As I work on the train project a little each day I find the modern tools make it so much easier than when I started the project more than a decade ago. Back then I was happy to use the hand held plasma cutter – a huge step up from the acetylene torch we had used up to that point. But the curves were always a little shaky and there was still lots of grinding to do – especially when I was making multiples of a piece.

Now it is as simple as designing a file in EnRoute on the computer and then sending it off the the MultiCam CNC plasma cutter. In seconds the part is cut perfectly, needing little more than a touch with a sanding disk before I weld things up.

Over the last weeks I’ve been spending a little time each day, designing, cutting and fabbing up the needed brackets, bits and pieces needed to mount the electric motor, transmission and cable brackets. We are getting close to getting this thing running!

Back when I designed the train I was planning on using four eight volt batteries to power it. After much research I discovered that six – six volt batteries would power the train longer and last longer too. We took delivery of the batteries yesterday. As I suspected six batteries won’t fit into the battery box I had previously built. An easy fix was to design a steel box and weld it to the back of the cab for the sixth battery. I’ll make it look like a toolbox and it will be just fine.

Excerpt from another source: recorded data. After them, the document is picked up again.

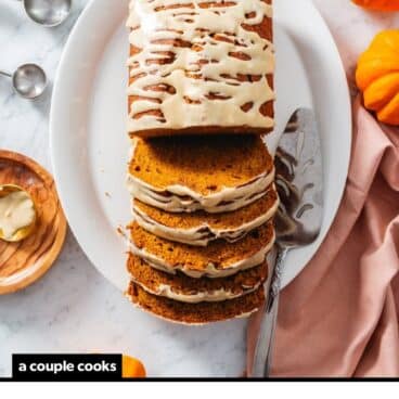 This one comes out cozy-spiced, tender, and moist, with a texture not too fluffy or too dense. It’s simple to whip up: one bowl, no special equipment; just dump and stir! Top it with a sweet maple glaze to take it over the top. It’s the quick bread to make in fall!
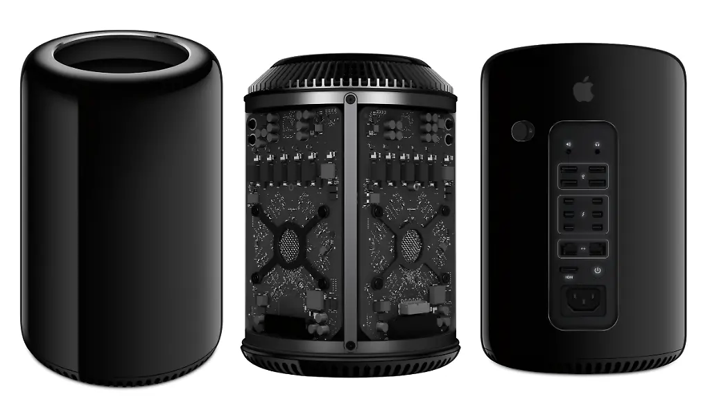 Das Design des Kraftpakets ist außergewöhnlich. Apple hat es geschafft, alle Komponenten in einem 25,1 x 16,7 Zentimeter kleinen, drehbaren Metallzylinder unterzubringen. Möglich macht dies vor allem eine Architektur, bei der sich die Wärme nicht staut und von einem Lüfter wie bei einem Kamin effizient nach oben abgeleitet wird. Dadurch ist der Computer trotz seiner Leistungsfähigkeit auch sehr leise. Der Mac Pro hat sechs Thunderbolt-2-Anschlüsse mit einer Bandbreite von bis zu 20 Gigabit pro Sekunde, die jeweils sechs in Reihe geschaltete Geräte unterstützen können.
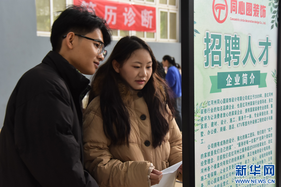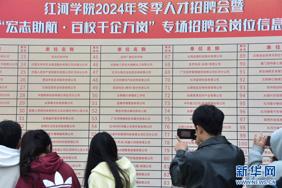12月13日,在紅河學院專場招聘會上,求職者在查看崗位信息。新華網發(薛瑩瑩 攝)

Making the box was dead easy… as it was only four rectangular pieces of steel. I decided that to make the box look intentional a couple fancy brackets were in order. Creating the file in EnRoute was quick and easy.  I started with a seven inch by five inch rectangle to establish the needed scale. Then, using the drawing tools I created a curved line.

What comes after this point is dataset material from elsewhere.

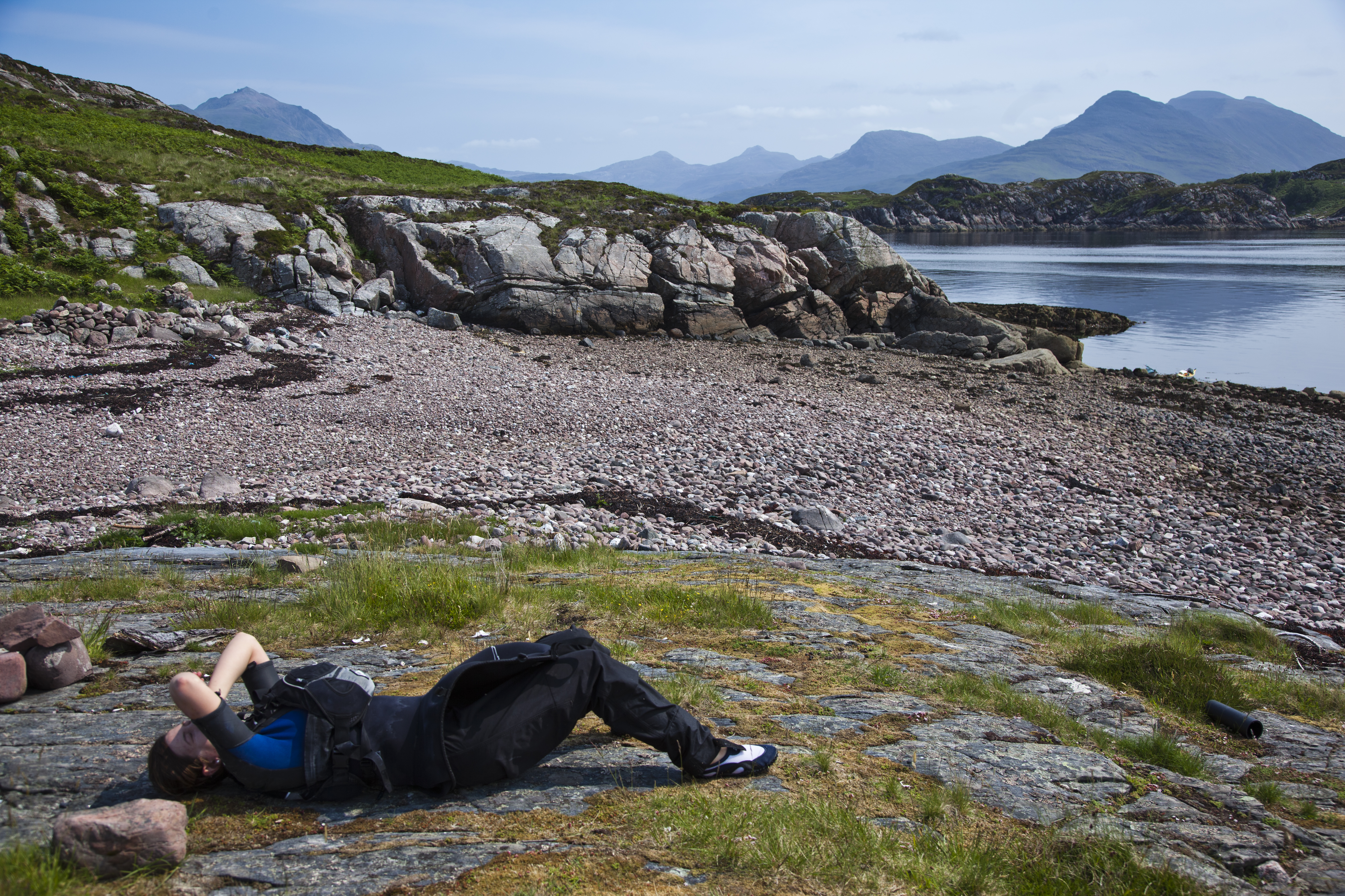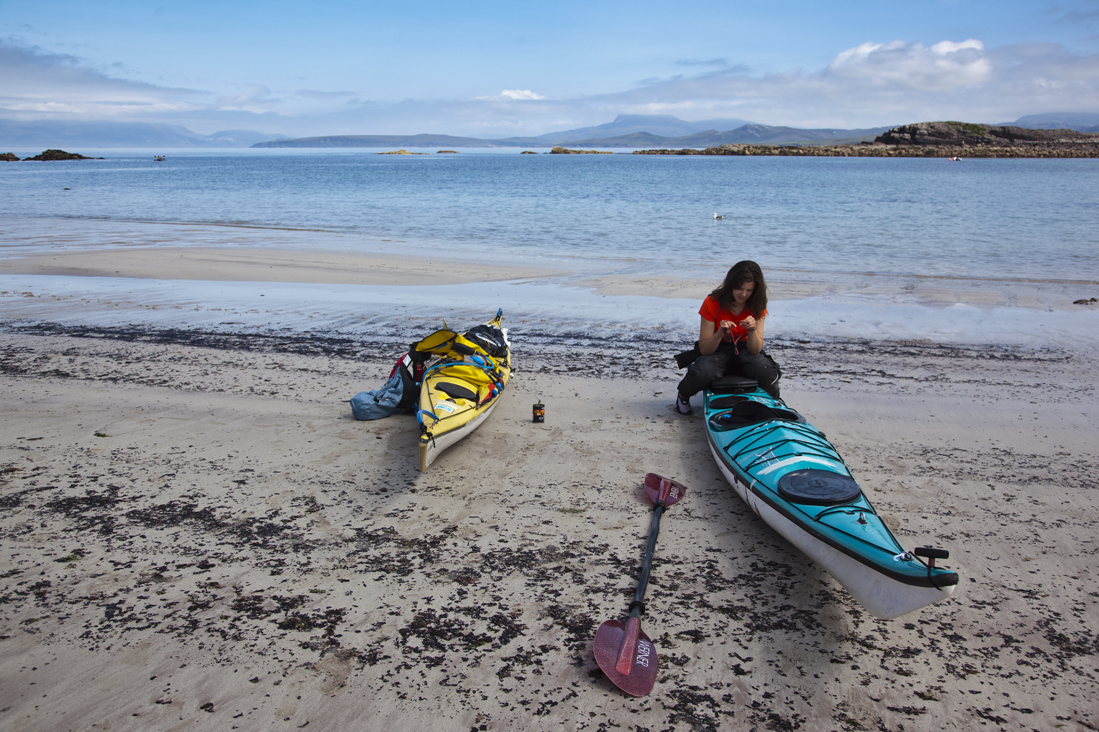 Briefly beaching at the head of Loch Torridon to enjoy the sun we shared another chocolate bar before continuing out west.

The jigsaw tool was used to cut this shape out. I then deleted to original rectangle and curved line.

Lastly I used the offset tool to create the hole in the bracket.

The file was then ready to send off to the MultiCam plasma cutter. In a couple of minutes the brackets were cut from a sheet of 1/8″ steel. While they were cutting I had welded up the box and the brackets were added to it in a hurry.

I then measured, centered and tacked the box onto the back of the train engine. It took a few minuted more to run a welding bead up each side to make it permanent. In the next session I’ll fab up a hinged lid to keep the battery out of the weather but also allow easy access for servicing.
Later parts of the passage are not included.